» Instructions to follow
Exactly the lines below starting at the line with "Specularius impressithorax se" and ending at the line with "Кость скорей всего" are wanted, with both ends included. Leave out the pictures and add no other lines.

***** Records to process

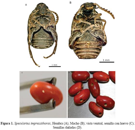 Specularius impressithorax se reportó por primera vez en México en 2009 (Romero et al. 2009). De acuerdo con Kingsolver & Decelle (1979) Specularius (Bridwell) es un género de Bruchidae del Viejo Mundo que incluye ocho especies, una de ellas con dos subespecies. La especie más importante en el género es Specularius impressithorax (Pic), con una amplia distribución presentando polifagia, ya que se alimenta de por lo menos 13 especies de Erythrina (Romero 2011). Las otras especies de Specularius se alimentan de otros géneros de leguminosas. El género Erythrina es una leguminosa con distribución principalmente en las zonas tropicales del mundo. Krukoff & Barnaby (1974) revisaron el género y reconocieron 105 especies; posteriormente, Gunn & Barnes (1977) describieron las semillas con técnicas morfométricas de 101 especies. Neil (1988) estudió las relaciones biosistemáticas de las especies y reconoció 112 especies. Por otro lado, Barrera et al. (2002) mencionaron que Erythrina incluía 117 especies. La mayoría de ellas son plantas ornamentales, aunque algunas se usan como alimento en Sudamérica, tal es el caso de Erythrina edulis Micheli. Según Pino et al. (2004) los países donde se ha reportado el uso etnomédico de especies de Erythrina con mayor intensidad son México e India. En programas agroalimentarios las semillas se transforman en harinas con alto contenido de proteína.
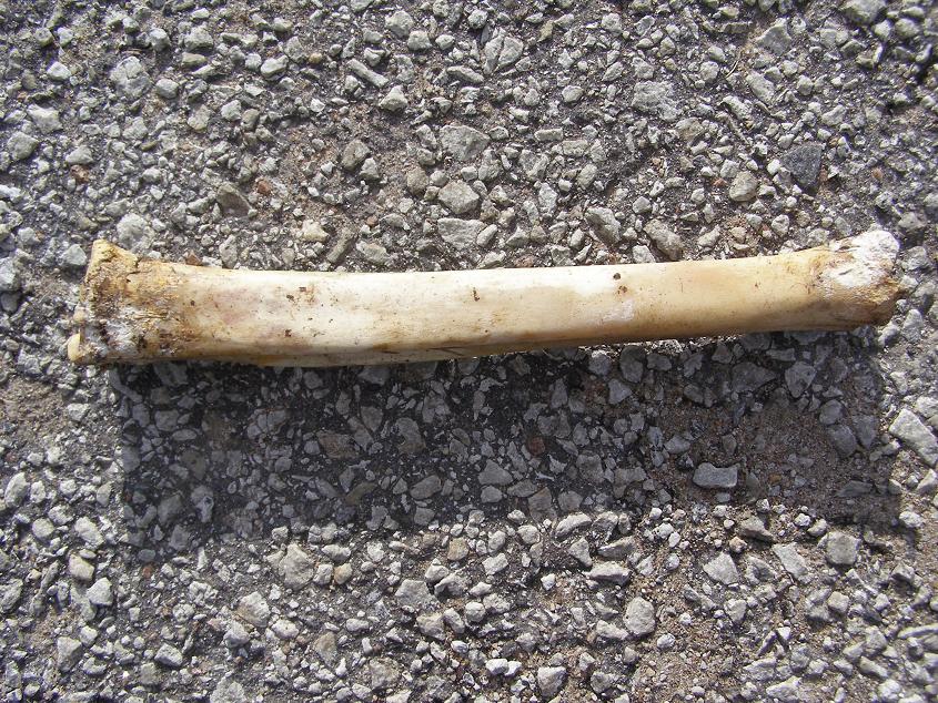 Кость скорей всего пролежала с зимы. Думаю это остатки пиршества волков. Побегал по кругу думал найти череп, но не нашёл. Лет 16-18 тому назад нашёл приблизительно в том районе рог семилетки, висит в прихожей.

**********
***** Records to process

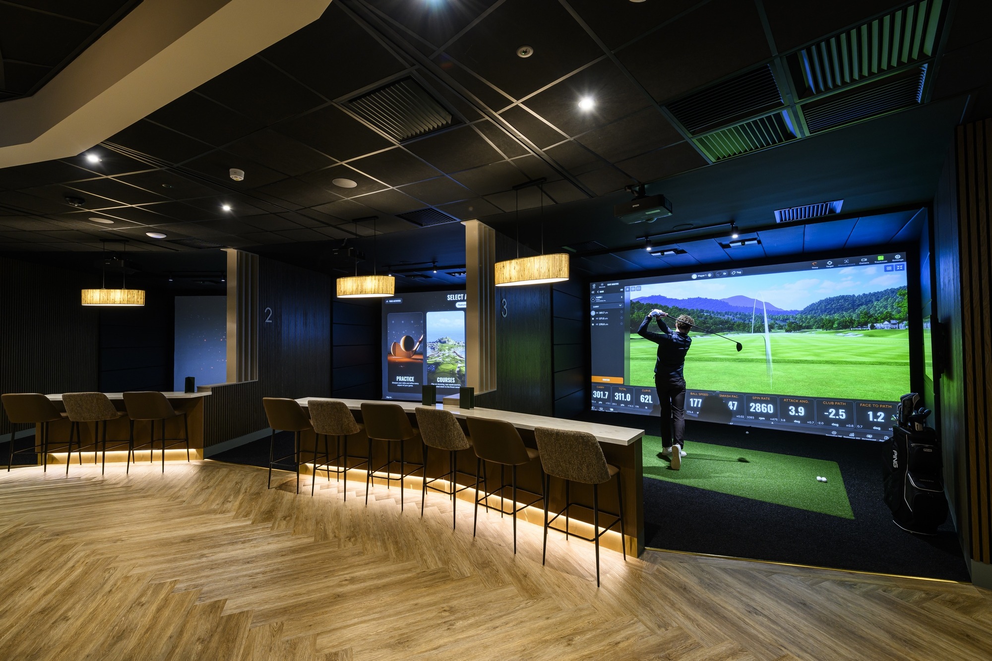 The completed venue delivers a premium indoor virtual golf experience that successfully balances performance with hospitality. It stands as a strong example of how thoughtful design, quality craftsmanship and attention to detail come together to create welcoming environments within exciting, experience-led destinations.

**********
***** Records to process

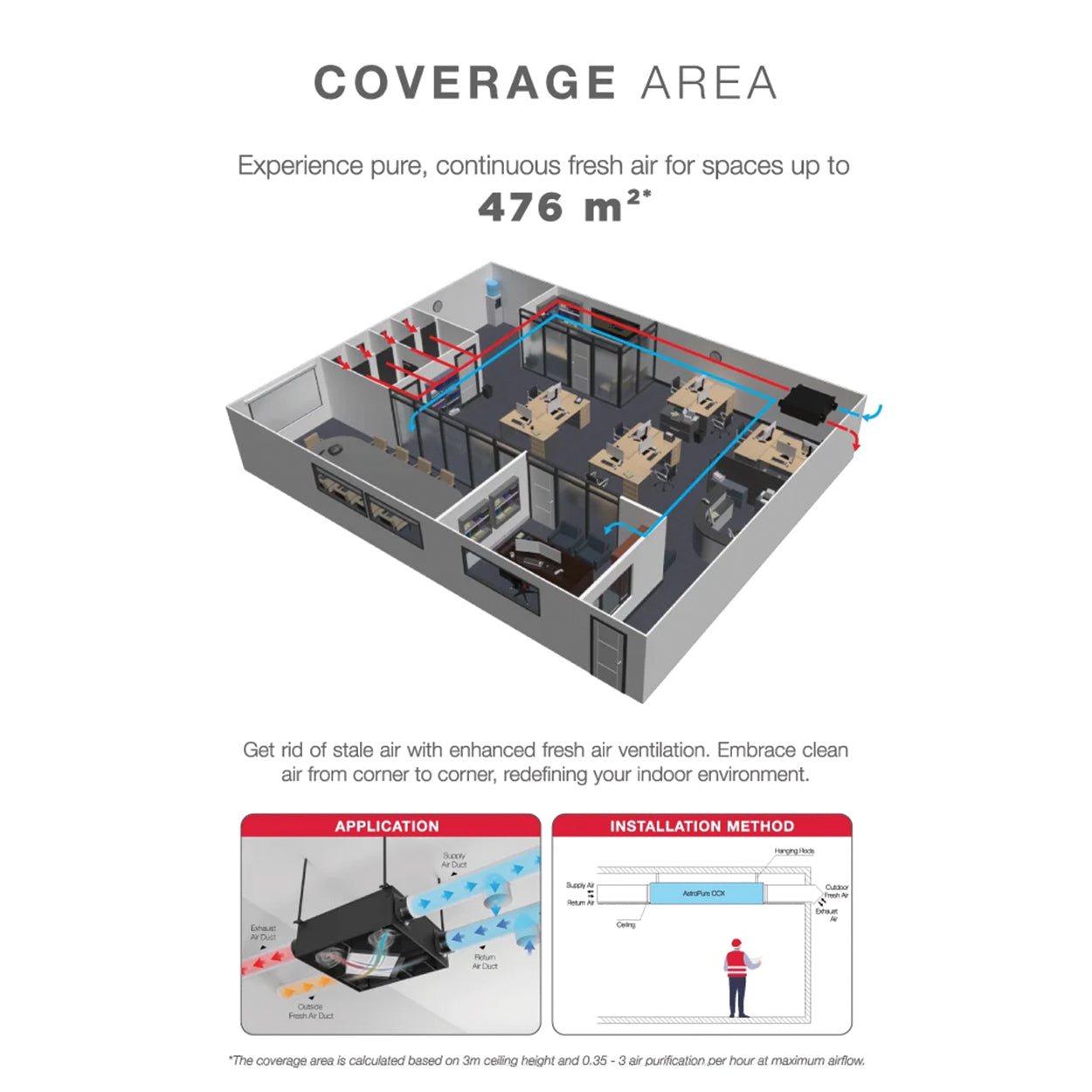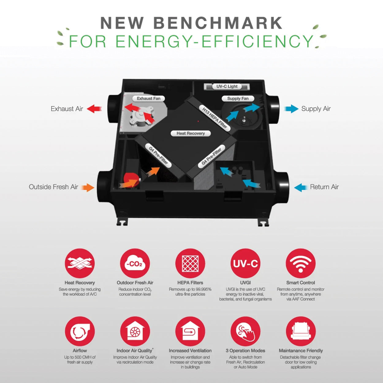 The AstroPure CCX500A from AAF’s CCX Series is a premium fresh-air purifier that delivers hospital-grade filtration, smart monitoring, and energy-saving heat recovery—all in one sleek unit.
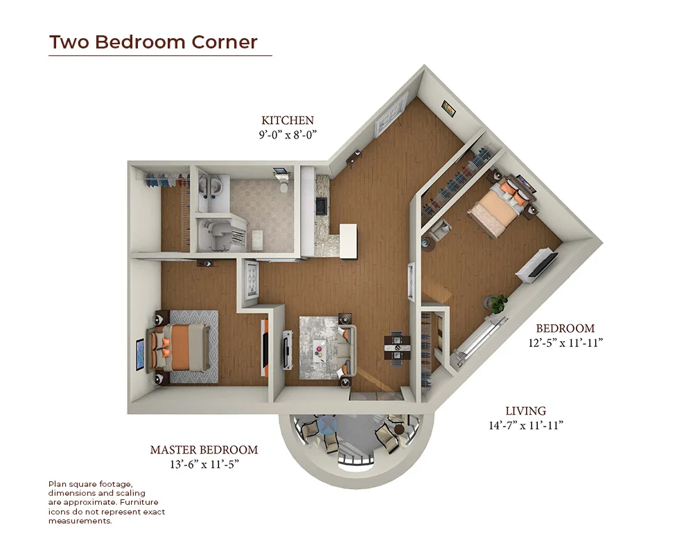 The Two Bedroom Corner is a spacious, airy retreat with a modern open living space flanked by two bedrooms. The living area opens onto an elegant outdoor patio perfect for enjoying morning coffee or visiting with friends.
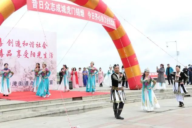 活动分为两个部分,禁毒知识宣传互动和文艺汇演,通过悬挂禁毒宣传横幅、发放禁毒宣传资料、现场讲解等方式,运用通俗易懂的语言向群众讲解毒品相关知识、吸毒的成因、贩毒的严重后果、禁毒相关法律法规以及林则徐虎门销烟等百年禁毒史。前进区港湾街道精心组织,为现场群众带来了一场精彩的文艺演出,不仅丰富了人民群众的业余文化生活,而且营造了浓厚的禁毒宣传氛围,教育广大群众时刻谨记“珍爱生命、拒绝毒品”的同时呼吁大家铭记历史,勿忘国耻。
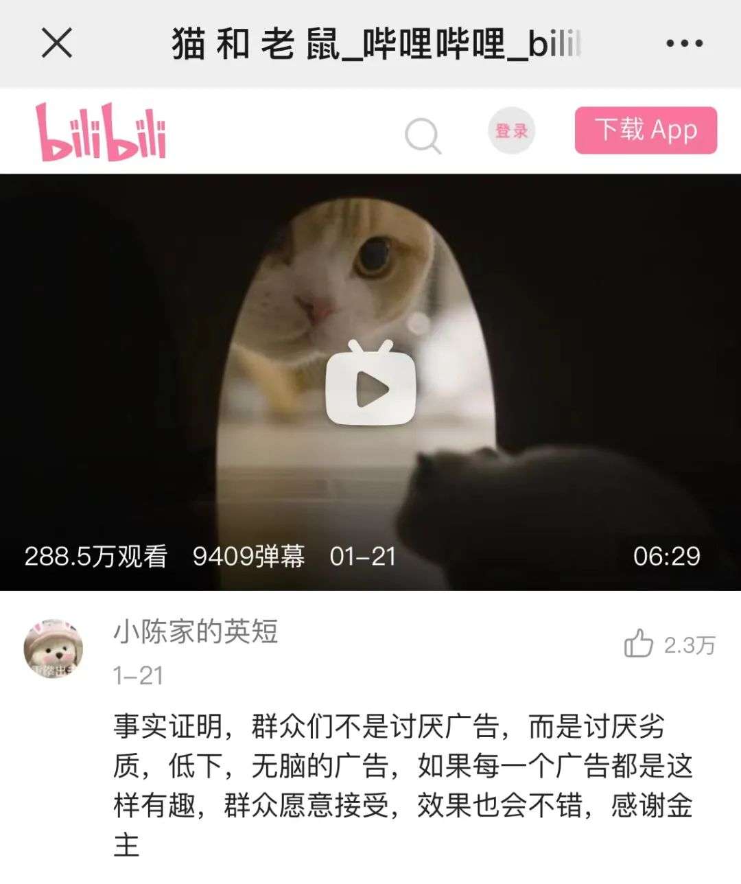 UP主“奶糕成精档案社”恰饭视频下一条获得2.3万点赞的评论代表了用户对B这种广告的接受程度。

**********

» Response to the task
 Specularius impressithorax se reportó por primera vez en México en 2009 (Romero et al. 2009). De acuerdo con Kingsolver & Decelle (1979) Specularius (Bridwell) es un género de Bruchidae del Viejo Mundo que incluye ocho especies, una de ellas con dos subespecies. La especie más importante en el género es Specularius impressithorax (Pic), con una amplia distribución presentando polifagia, ya que se alimenta de por lo menos 13 especies de Erythrina (Romero 2011). Las otras especies de Specularius se alimentan de otros géneros de leguminosas. El género Erythrina es una leguminosa con distribución principalmente en las zonas tropicales del mundo. Krukoff & Barnaby (1974) revisaron el género y reconocieron 105 especies; posteriormente, Gunn & Barnes (1977) describieron las semillas con técnicas morfométricas de 101 especies. Neil (1988) estudió las relaciones biosistemáticas de las especies y reconoció 112 especies. Por otro lado, Barrera et al. (2002) mencionaron que Erythrina incluía 117 especies. La mayoría de ellas son plantas ornamentales, aunque algunas se usan como alimento en Sudamérica, tal es el caso de Erythrina edulis Micheli. Según Pino et al. (2004) los países donde se ha reportado el uso etnomédico de especies de Erythrina con mayor intensidad son México e India. En programas agroalimentarios las semillas se transforman en harinas con alto contenido de proteína.
 Кость скорей всего пролежала с зимы. Думаю это остатки пиршества волков. Побегал по кругу думал найти череп, но не нашёл. Лет 16-18 тому назад нашёл приблизительно в том районе рог семилетки, висит в прихожей.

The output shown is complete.